Data entries

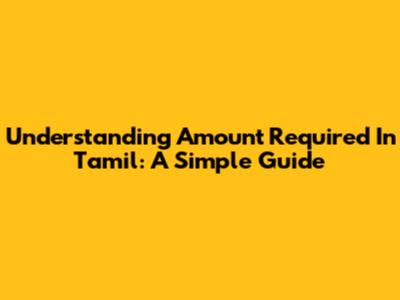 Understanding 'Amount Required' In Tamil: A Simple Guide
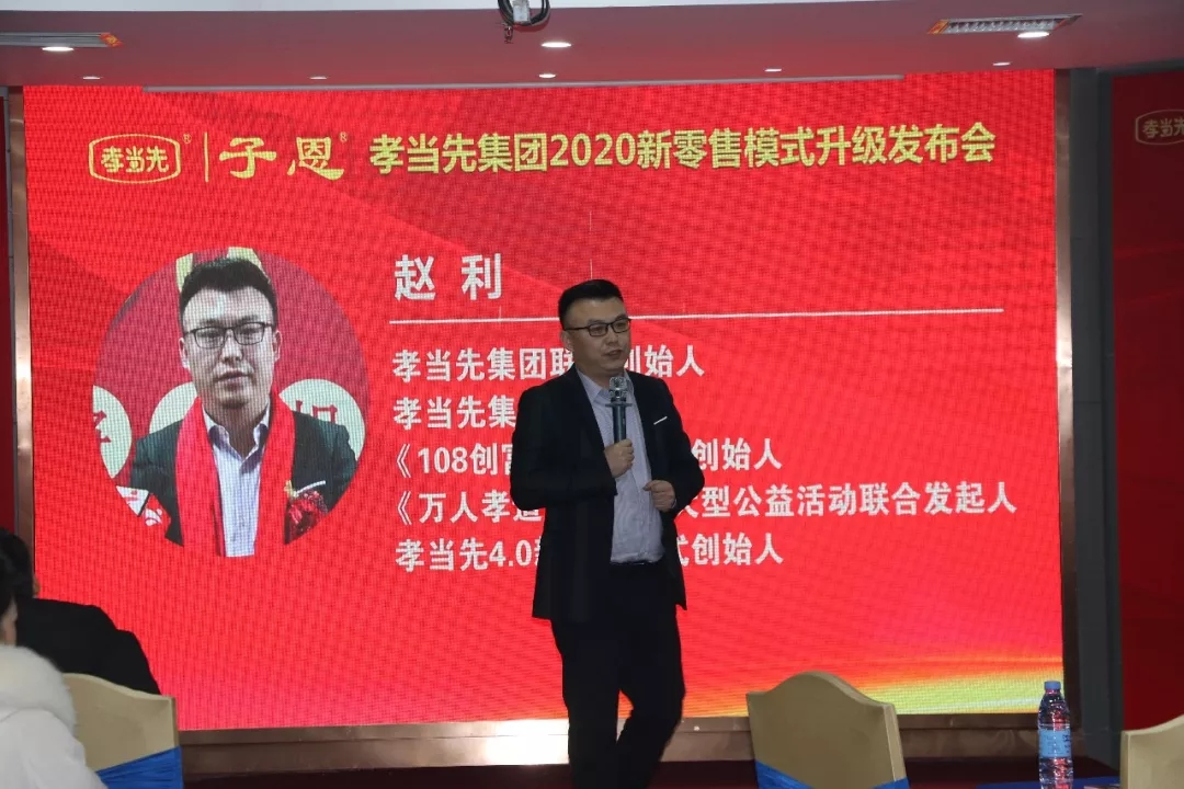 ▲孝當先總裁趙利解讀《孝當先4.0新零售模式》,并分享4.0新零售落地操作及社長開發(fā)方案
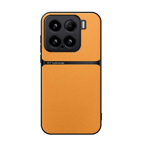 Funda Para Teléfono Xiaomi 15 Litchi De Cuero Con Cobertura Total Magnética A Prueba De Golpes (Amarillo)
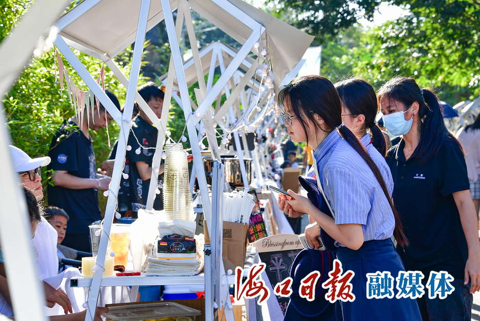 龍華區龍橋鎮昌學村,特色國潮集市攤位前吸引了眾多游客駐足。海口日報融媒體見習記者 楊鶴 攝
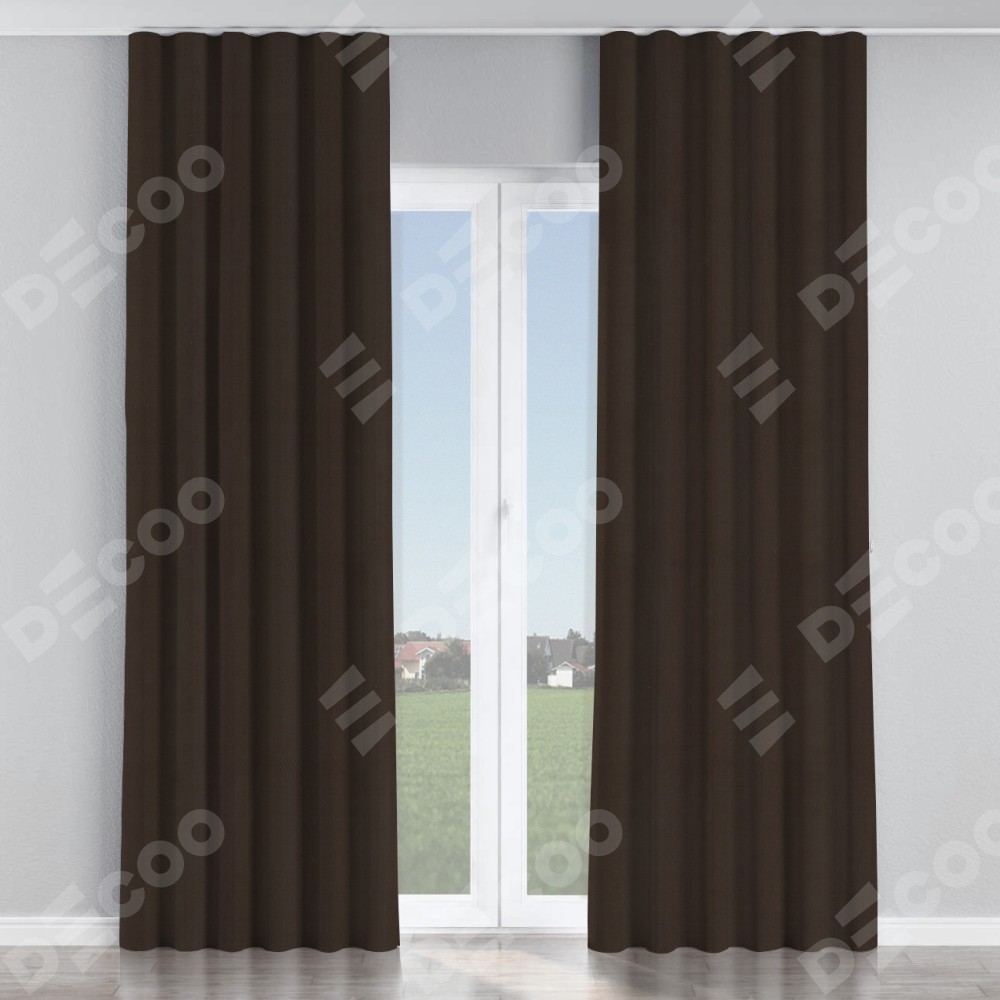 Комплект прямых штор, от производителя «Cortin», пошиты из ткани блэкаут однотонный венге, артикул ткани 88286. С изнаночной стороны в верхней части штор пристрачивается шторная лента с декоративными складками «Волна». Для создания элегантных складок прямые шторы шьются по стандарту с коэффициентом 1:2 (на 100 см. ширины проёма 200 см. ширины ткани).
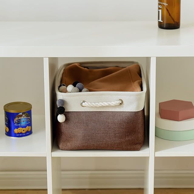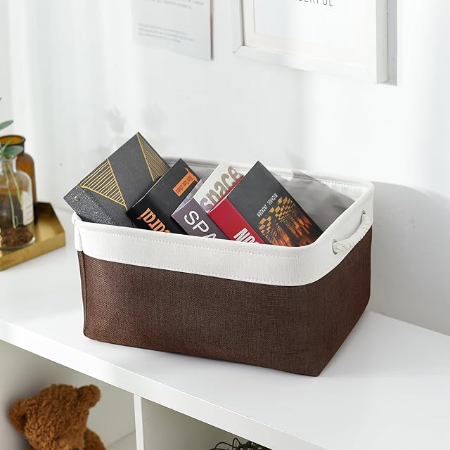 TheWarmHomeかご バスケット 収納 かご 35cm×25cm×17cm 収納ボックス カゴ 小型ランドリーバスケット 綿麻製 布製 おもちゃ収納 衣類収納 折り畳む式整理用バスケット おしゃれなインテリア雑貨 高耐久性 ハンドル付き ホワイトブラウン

**Problem to work on**. Output the data above exactly, beginning at its first line and ending with the line that holds "龍華區龍橋鎮昌學村,特色國潮集市攤位前吸引了眾多游客駐足。海口日報融媒體見習記者 楊鶴 攝". Leave out the pictures and add nothing.

**Solution below**.
 Understanding 'Amount Required' In Tamil: A Simple Guide
 ▲孝當先總裁趙利解讀《孝當先4.0新零售模式》,并分享4.0新零售落地操作及社長開發(fā)方案
 Funda Para Teléfono Xiaomi 15 Litchi De Cuero Con Cobertura Total Magnética A Prueba De Golpes (Amarillo)
 龍華區龍橋鎮昌學村,特色國潮集市攤位前吸引了眾多游客駐足。海口日報融媒體見習記者 楊鶴 攝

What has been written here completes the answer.